18 Running Slang Terms and What They Mean

So, you’re new to running, you see a lot of acronyms, a lot of jargon, that’s slang if you’re not familiar with that term, and you’re wondering what the heck do all these things mean? Well, that’s what we’re going to cover today on this episode of Runner’s High.
18 Running Slang Terms and What They Mean


So, you’re new to running, you see a lot of acronyms, a lot of jargon, that’s slang if you’re not familiar with that term, and you’re wondering what the heck do all these things mean? Well, that’s what we’re going to cover today on this episode of Runner’s High.


If you want useful tidbits like what all these jargony slang, running terms mean, as well as how to be a better runner, stick with me here on this channel for more episodes of Runner’s High every Tuesday and Thursday. Hit that subscribe button, you’ll be able to get all of the videos I come out with every single week. Now, I’ve got my trusty laptop here, and we’re going to look through all of these terms. I’ll try to make this quick and succinct, but at the same time, cover a breadth of different terms. So, let’s get started.

Runner’s high, this show is named after. You maybe wondering what the heck is that. This is this chemical reaction that happens in your brain when you run for a certain period of time. Your brain is filled with endocannabinoids, and you get a literal high. So, it used to be thought to be caused by serotonin which just gives you happy feelings, but it’s actually endocannabinoids. Much like THC reacts with our brains and makes us high, our bodies can produce similar compounds, which is why THC reacts with our brains. In any case, runner’s high is an actual kind of high you can get from aerobic exercise. So, running is one of the most common forms of that to make that occur.

Fartlek. Fartlek is Swedish for speed play. And it is a run where you’re going to change the speeds. I often prescribe things like a 30-60-90, which is a long run where you’re going out. And for some period of the run, you’re going to go 30 seconds hard, 30 seconds easy, 60 seconds hard, 60 seconds easy, 90 seconds hard, and then three minutes easy and repeat that a number of times. So, you might be out for like a seven mile run, and then do that three times in the middle of that run. It’s not going to take up your entire run. But fartlek is Swedish for speed plays. So, it just means changing your speed, you can do that however you like.

Splits and repeats. These go together. So, repeat is just an interval that you’re doing over and over again. So, an interval, you’re going down a rabbit hole now. An interval is a set of a certain distance and speed you’re going to run. And so I liked 1,000 meter repeats. So, 1,000 meters is the interval, and then we would have a particular time, in my case, I started out running at 520 pace, which is 320, I think, for 1,000 meters.

That’s off the top of my head so if I’m wrong, I’m sorry. So, you have 1,000 meters, and you do repeat. So, you have 1,000 meters, you run that, you break for 90 seconds, and then you would repeat it for a certain number of times for -- Working on 5K in college, we would start with five, work up to eight to 10 over the season. That’s repeat.

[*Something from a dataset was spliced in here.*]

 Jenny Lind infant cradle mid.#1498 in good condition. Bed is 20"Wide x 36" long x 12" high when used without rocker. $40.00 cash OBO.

And then splits are where you are at any given time. So, depending on where we were in the season, sometimes it’s good to take 200 splits. So, if you’re on the track that’s halfway around the track. 200 meters, or 400 splits is more normal because that’s one lap around the track. Depending on how granular you want to get, that’s where splits comes in. Often if you’re going to go longer distances you’re tracking mile splits, which is what was your time per mile.

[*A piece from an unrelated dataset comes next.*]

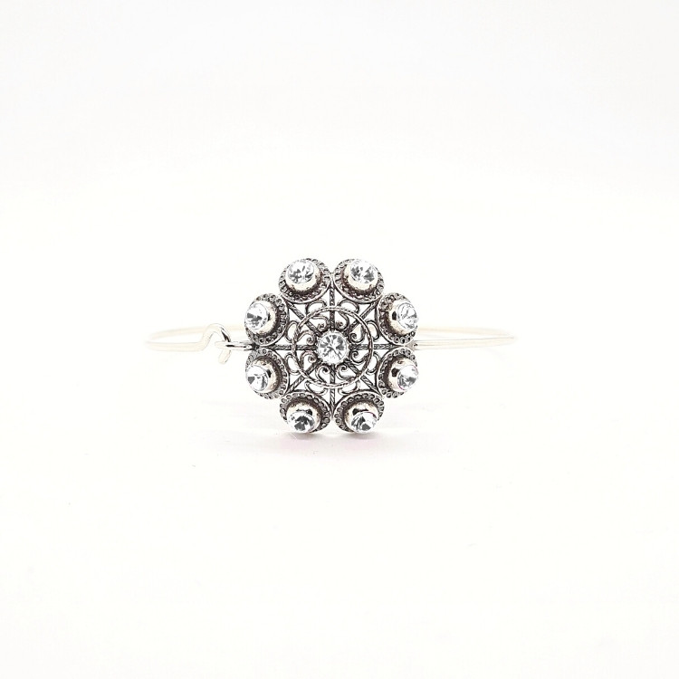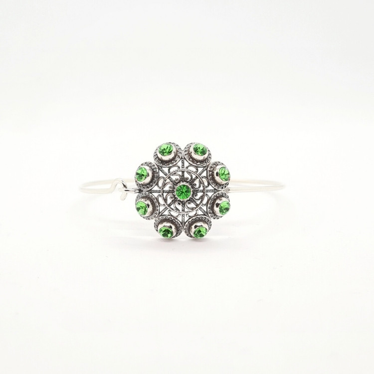 Pulsera charra diferente con un toque más fresco y moderno gracias a los cristales de colores engarzados en el propio botón.

So, in an upcoming video where I talk about the Fourth of July race that’s coming up, I’m going to do a review of it after it’s over. I’ll talk about the splits that I intend to run and then what I ended up actually running. I don’t know about what I’ll actually run yet because I haven’t run it yet. But those will be broken into miles because there should be mile markers.

This is a good one. This tripped me up when I first -- singlets. What the hell is a singlet? You may be thinking like Andre the Giant and wrestling singlets and this really tight thing that you’re going to wear. Runners don’t really wear that. Sprinters do and triathletes actually wear something like that. But a singlet is just the race jersey that you wear.

On to some acronyms. So, first one is BQ. This is not the love child of DQ and BK, Dairy Queen and Burger King making a new franchise called burger queen. BQ is Boston Qualifying because Boston is such an event. It is the Olympics for a lot of amateurs, the kind of pinnacle of running. It’s got its own acronym. BQ is Boston Qualifying time.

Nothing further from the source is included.